Ces injustices sont patentes :
. pension mensuelle moyenne des salariés du secteur privé (CNAV+ Agirc-Arrco) : 1.167 € ; pension mensuelle moyenne des fonctionnaires civils de l’Etat partant en retraite : 2.223 € ( + 90%) ;
. pensions mensuelles moyennes des agriculteurs et des commerçants (740 et 970 €) trois à cinq fois inférieures à celles de la RATP, d’EDF et de la SNCF (3700, 3600 et 2600).
. Ecarts sur les âges réels de départ en retraite : moyenne du secteur privé : 63 ans ; fonctionnaires des « catégories actives » : entre 55 et 57 ans ; pour la RATP et la SNCF : roulants à 52 et 53 ans, les autres à 57 et 58 ans.
Mettre fin à ces avantages motivait inévitablement de fortes réactions de la part des privilégiés. En faisant connaître clairement ces injustices, le gouvernement aurait pu mettre l’opinion publique de son côté. Agnès Buzin qualifiait d’« extrêmement avantageuses » les retraites du secteur public. Mais les autres ministres refusaient de « monter les Français les uns contre les autres » en faisant connaître la vérité. Le gouvernement se privait ainsi du soutien essentiel de l’opinion publique, qui reste favorable aux grévistes.
Deuxième réflexion :
La méthode choisie pour mettre fin à ces injustices n’était la bonne qu’en apparence. « Un système universel avec des règles communes de calcul des pensions sera progressivement mis en place ». Certes un « système universel » mettant fin aux « régimes spéciaux » assure en principe l’égalité entre Français : « à carrière identique, des droits identiques ».
Mais un système universel, assorti d’une « Caisse nationale de la retraite universelle » supprimant les régimes complémentaires Agirc-Arrco, ceux des professions indépendantes, des agriculteurs, des fonctionnaires contractuels (mais pas des titulaires), de la RAFP (retraite additionnelle de la fonction publique, assise sur les primes), sera en fait un système étatique, « piloté par la loi » et le Parlement.

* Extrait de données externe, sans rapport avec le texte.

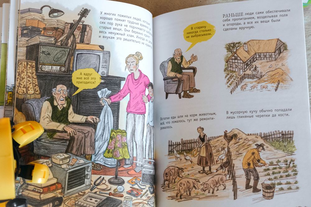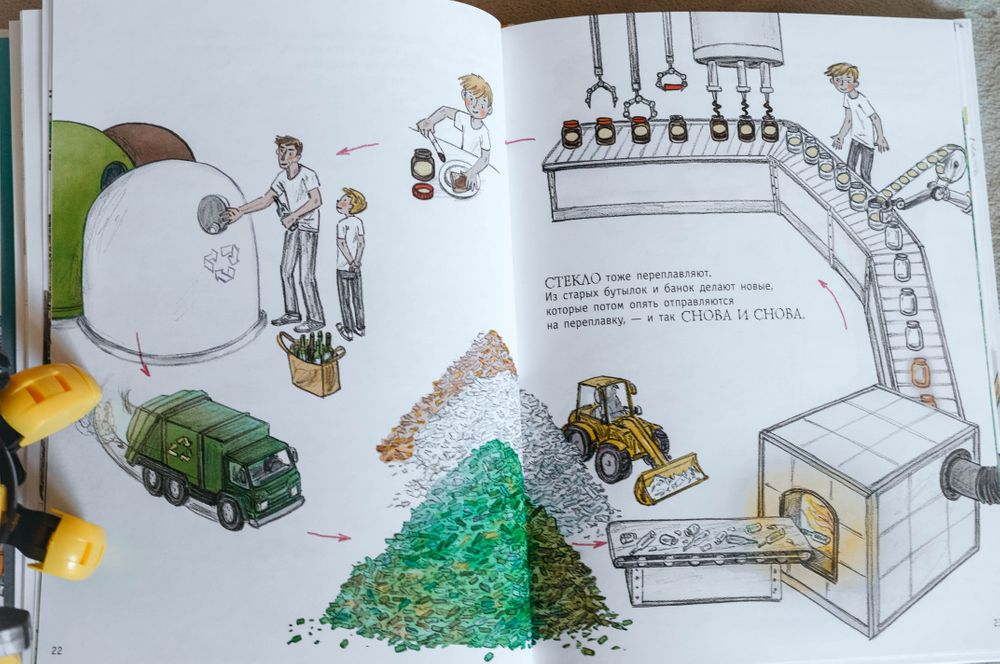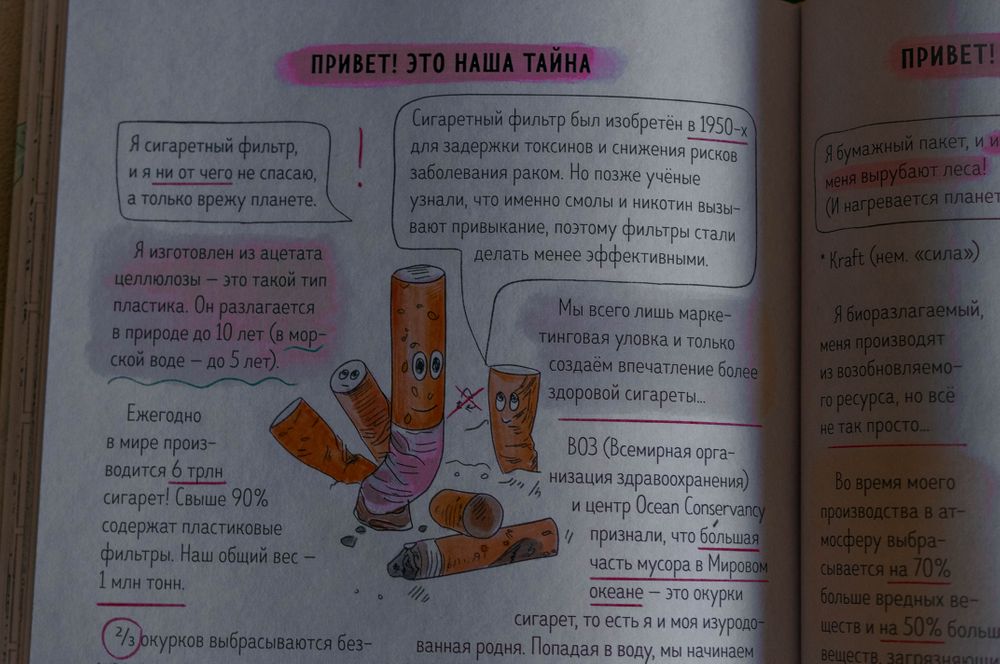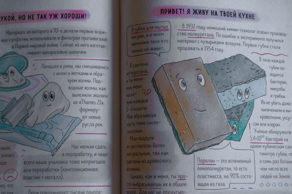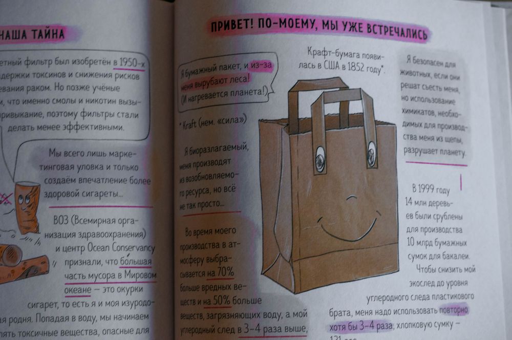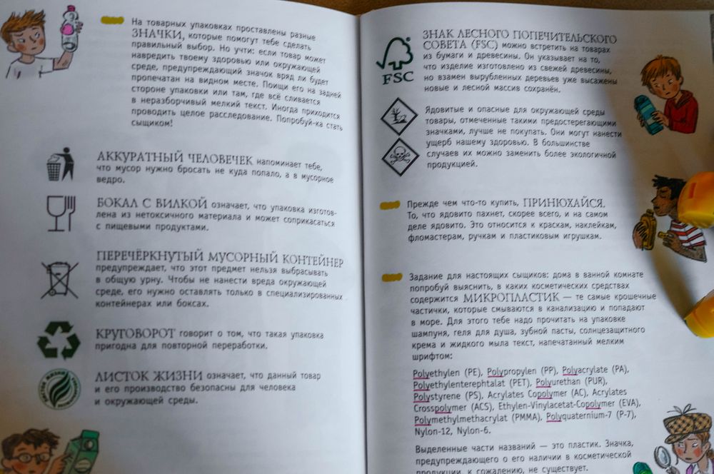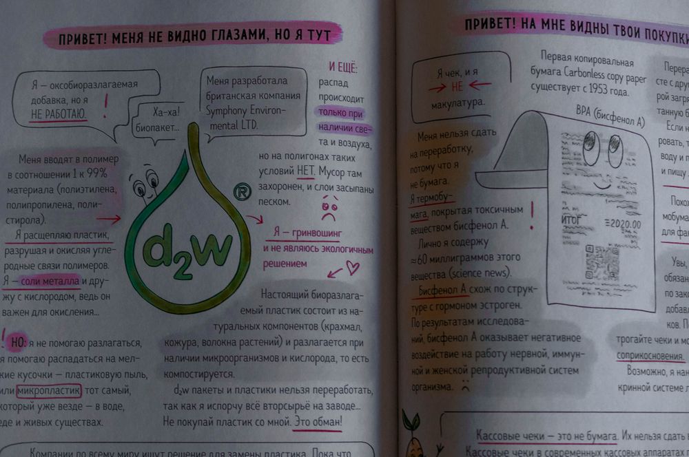 Вторая книга очень подробно рассказывает о разных вещах, какие из них не перерабатываются и лучше ими не пользоваться, а какие нужно выбрасывать в отдельные баки для переработки. Про микропластик, который, к сожалению, просачивается везде. Информации очень много, полезной, познавательной и интересной. Заставляет задуматься и даже изменить некоторые вещи в жизни.

Le système n’a d’universel que le nom, puisque des régimes spéciaux subsisteront pour les policiers, gendarmes, militaires, artistes, marins, journalistes, cheminots, électriciens. Les carrières longues, les métiers pénibles, les chômeurs et les malades auront un traitement spécial. La cotisation unique à 28,1% sera réduite à 12,9% pour les professions indépendantes (au-delà du plafond de la Sécurité sociale).
De plus, et fort heureusement, dans ce système universel, la date de départ en retraite ne sera pas la même pour tous mais laissée au choix de chacun. En revanche tout le reste, les cotisations et pensions, les caisses de gestion des retraites, et même le rendement (5,5 € de pension annuelle pour 100 € de cotisation) sera fixé par le système.
Dans son rapport, Jean-Paul Delevoye avait bien décrit le choix qui s’imposait : « deux modèles s’affrontent : l’individualisation et l’assurance ou le collectif et la mutualisation ». Il avait choisi : « Contre le chacun pour soi, je retiens le choix d’une mutualisation collective de nos risques individuels ». Ce choix n’est pas le bon.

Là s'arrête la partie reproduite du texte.